Janet Maslin of The New York Times wrote "The film is almost entirely adrift. A group of three screenwriters...have not succeeded in giving it any momentum at all...The material is exceptionally talky and becalmed, the central question none too compelling, and the visual style distractingly cluttered...Still, Miss Streisand...manages to be every inch the star."

Roger Ebert of the Chicago Sun-Times rated the film two out of four stars and noted that "the movie's revelations are told in such dreary, clichéd, weather-beaten old movie terms that we hardly care...As the courtroom drama slogs its weary way home, Streisand's authentic performance as a madwoman seems harder and harder to sustain...Nuts is essentially just a futile exercise in courtroom cliches, surrounding a good performance that doesn't fit."

Rita Kempley of The Washington Post called the film "a consistent character study, paced like a good thriller" and cited Barbra Streisand's "bravissimo performance". She added "She is so dazzling, in fact, that she blinds us to the pat psychology of the facile script...There's heat in the moment, but there's nothing to chew on afterward...Nuts is less than the sum of its illustrious parts.
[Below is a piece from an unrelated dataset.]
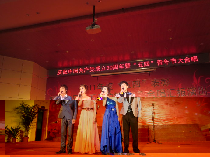 2011年5月4日下午2時30分, 由院裡主辦的中國共産黨成立90周年暨“五四”青年節大合唱活動在我院行政樓201教室内如期舉行.出席本次活動的嘉賓有劉剛院長,各系書記,主任,輔導員,院團委學生會,各系部團委學生會代表.優秀團員幹部,各班團支書等. 在國歌奏響後進行了表彰大會. 3時左右,表彰大會結束,第五屆“五月的鮮花”大合唱正式開始. 參加本次大合唱的有各系代表隊,院廣播台詩歌團及院藝術團合唱隊。我系代表隊演唱歌曲《南屏晚鐘》,以及由老師們帶來的合唱。活動與4時30分左右圓滿結束。

Despite all its achievements, it's ultimately hollow inside, like a cake at a bachelor party. The filmmakers never quite succeed in their larger purpose: pitting inner truths against outward appearances to force us to decide who is and is not nuts. It wants to be a movie with a message, but in the end it's just a melodrama." Desson Howe of The Washington Post wrote "[I]t's Hollywood manipulation at its best. You're given little emotional tidbits along the way until the high point."
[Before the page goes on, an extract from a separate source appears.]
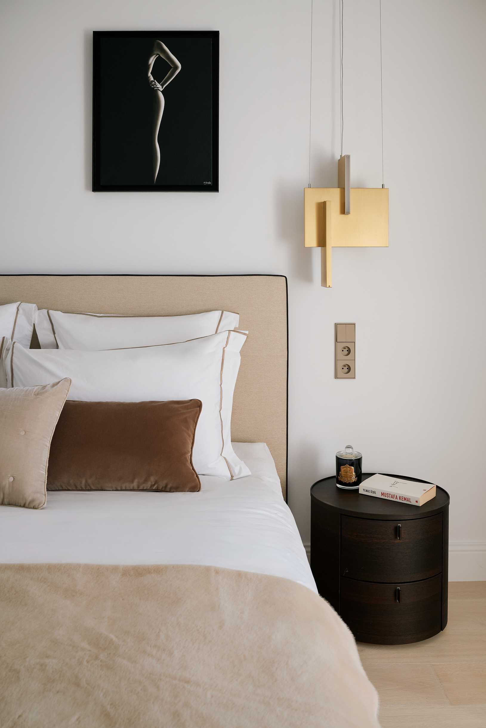 Une palette de teintes naturelles — beiges, blancs chauds et bois clair — a été choisie pour créer une ambiance douce et harmonieuse.

Jonathan Rosenbaum of the Chicago Reader wrote "While the movie holds one's attention throughout, and its liberal message is compelling, we are clued in to certain facts about the heroine so early on that the audience is never really tested along with the characters. What might have been a sharper existential confrontation of our received ideas about sanity merely comes across as an effective courtroom drama, with strategically placed revelations and climaxes."

==Accolades==
The film was nominated for the Golden Globe Award for Best Motion Picture – Drama. Streisand was nominated for the Golden Globe Award for Best Actress – Motion Picture Drama, and for the David di Donatello for Best Foreign Actress. Dreyfuss was nominated for the Golden Globe Award for Best Supporting Actor – Motion Picture.

==Home media==
Warner Home Video released the film on Region 1 DVD on July 1, 2003. It is in anamorphic widescreen format with audio tracks in English and French and subtitles in English, French, and Spanish. Bonus features include commentary by Barbra Streisand and a production stills gallery.